Managing iOS Tests at Scale: A Symphony

Atakan Karslı
Trendyol Tech
Published in
9 min readJun 22, 2023

--

Photo by Manuel on Unsplash

Picture the complexities of an orchestra, with every instrument playing a vital role in creating a harmonious melody. Each note, each beat, and each pause are essential. Now, imagine that orchestra as Trendyol, one of Turkey’s leading e-commerce platforms. The super-app offers a wide range of products and multi-channel services, and each domain and feature is a musician with a critical role. Our task as the iOS Platform team, the conductor, is to harmonize these numerous elements and ensure that each one performs optimally and contributes to the overall masterpiece that is our application.
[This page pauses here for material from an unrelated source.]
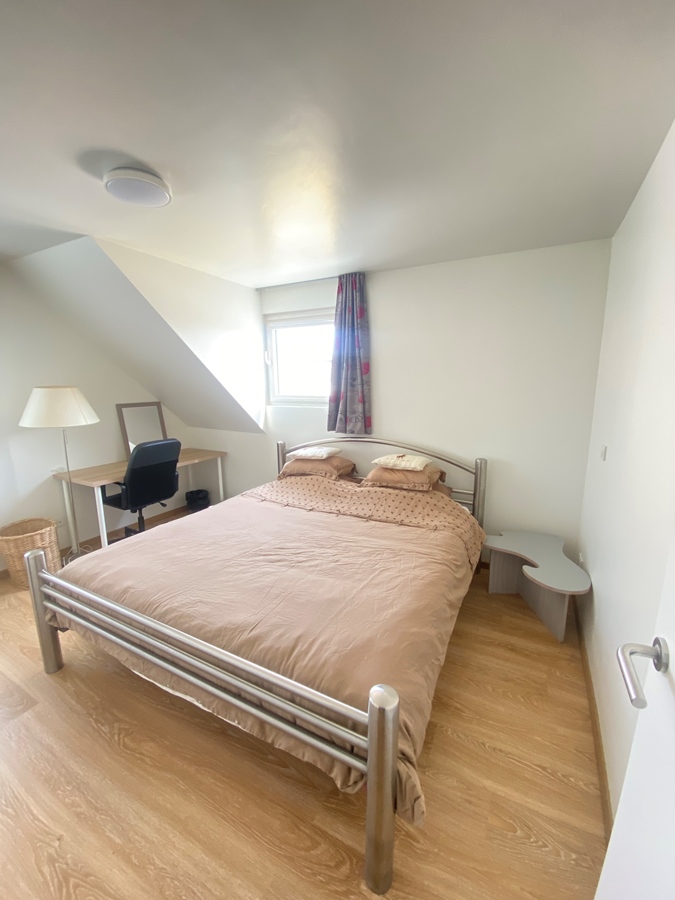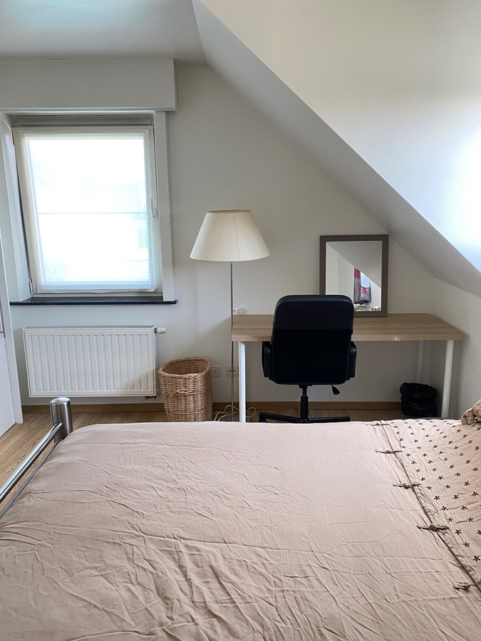 Comfortable private space with all necessary amenities The bedroom is completely private and offers everything you need for a peaceful stay. The space is equipped with a comfortable double bed, a desk to work or study undisturbed, and a built-in wardrobe with sufficient storage space. This is your personal place in the house where you can completely retreat and enjoy peace and privacy.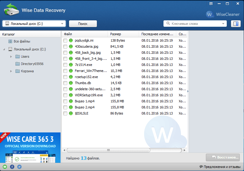С помощью программы Wise Data Recovery можно восстанавливать файлы разных форматов: документы, архивы, изображения, аудио, видео, файлы электронной почты. Программа имеет простое управление и быстро выполняет действия по восстановлению удаленных файлов.

We’ve been publishing numerous articles discussing our app structure, test extensions, and mocking techniques. Although we are constantly developing other strategies to enhance the experience for both our developers and users, this article will shed light on an important section of our orchestra: Testing.
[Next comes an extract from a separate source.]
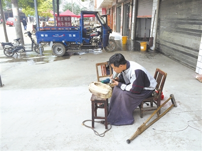 在商城县,记者找到了一家根艺奇石馆,店主叫林志祥,高位截肢。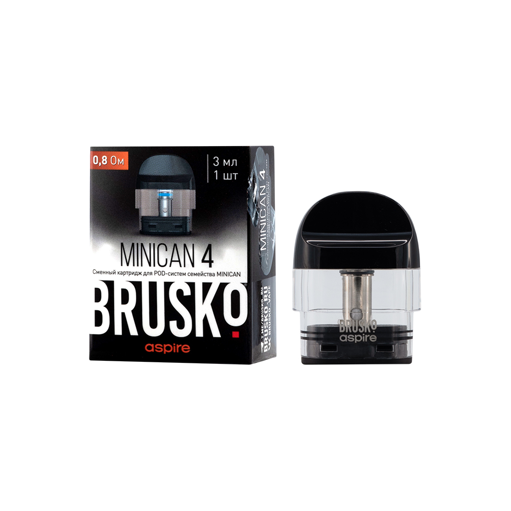 Сменный картридж Brusko Minican 4 черный на 3 мл с испарителем 0,8 Ом раскрывает вкус жидкости с солевым никотином. Сплющенный мундштук обеспечивает комфортную сигаретную затяжку. Регулировка обдува помогает получить нужное количество пара.

If you’re interested in exploring more about our other sections, the following article is a deep dive into the story of our app’s modularization.

Current State of Testing

As the Trendyol iOS app has grown in scale, so too has the complexity and importance of our testing practices. Today, we run an astounding 25,000+ tests on each commit as an essential part of our iOS development flow, which requires careful orchestration under a 30-minute window to ensure we maintain our development pace.

We have 25k Unit, 1.5k UI, 250 Smoke Tests, and 500 Snapshots)

The equation is straightforward: more developers lead to more features, and therefore, more tests. We’ve seen a ~70% surge in our test count in the last year. If this growth trend persists, we anticipate our test count nearing 50,000 within the next 1 to 1.5 years.

Our in-house DevOps system named Event Handler is the key factor allowing us to handle and efficiently execute this large volume of tests. Using Swift and Vapor, we’re able to manage all aspects of our DevOps and CI/CD processes. On the other side Jenkins, our reliable ally in this work, runs all of our pipelines, thereby playing an instrumental role in maintaining our extensive testing pipelines.

Single build, multiple uses:

In the early stages of our iOS app, we maintained various schemes and targets for tests beyond the primary Trendyol target. Our pipelines were running in parallel; however, each type of test required a full rebuild of the app. This approach was manageable when our team was smaller and the number of tests was relatively low.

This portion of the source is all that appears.